A total of 30 newborn infants were studied.
Infants were assigned randomly to either being held by their mothers in whole body, skin-to-skin contact or to no intervention (swaddled in crib) during a standard heel lance procedure.
The effectiveness of the intervention was determined by comparing crying, grimacing, and heart rate differences between contact and control infants during and after blood collection.
Crying and grimacing were reduced by 82% and 65%, respectively, from control infant levels during the heel lance procedure. Heart rate also was reduced substantially by contact.
Skin-to-skin contact is a remarkably potent intervention against the pain experienced during heel stick in newborns.
Comments
further studies please
Congratulations, this is a great subject for research. It would be more impressive and could be taken seriously if your sample size was at least 100 babies and moms. Also, if your control babies were dressed and held by their mothers compared to the skin-to-skin babies who were held.
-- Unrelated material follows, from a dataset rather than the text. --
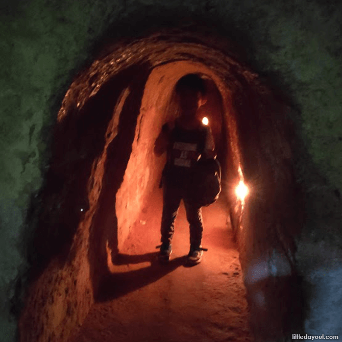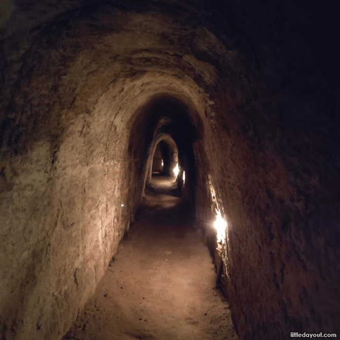 There were three tunnel distances we could experience and the children were thrilled to be heading into the “hobbit holes”. Most of the time, we had to bend over to move along the tunnels for the first level which was two metres underground.

Please do a further randomised controlled trial with a large number of babies. Thank you and good luck with the next.
Where's the control?
I am unimpressd with Larry Gray, Lisa Watt, and Elliott M. Blass' study of newborns. Instead of comparing swaddled, cribbed infants with infants held skin-to-skin to their mothers, the study should have compared clothed babies that were held to skin-to-skin held babies. Do you see? This study is not properly controlled. I can't believe it even received funding. Go back to Statistics 101 please.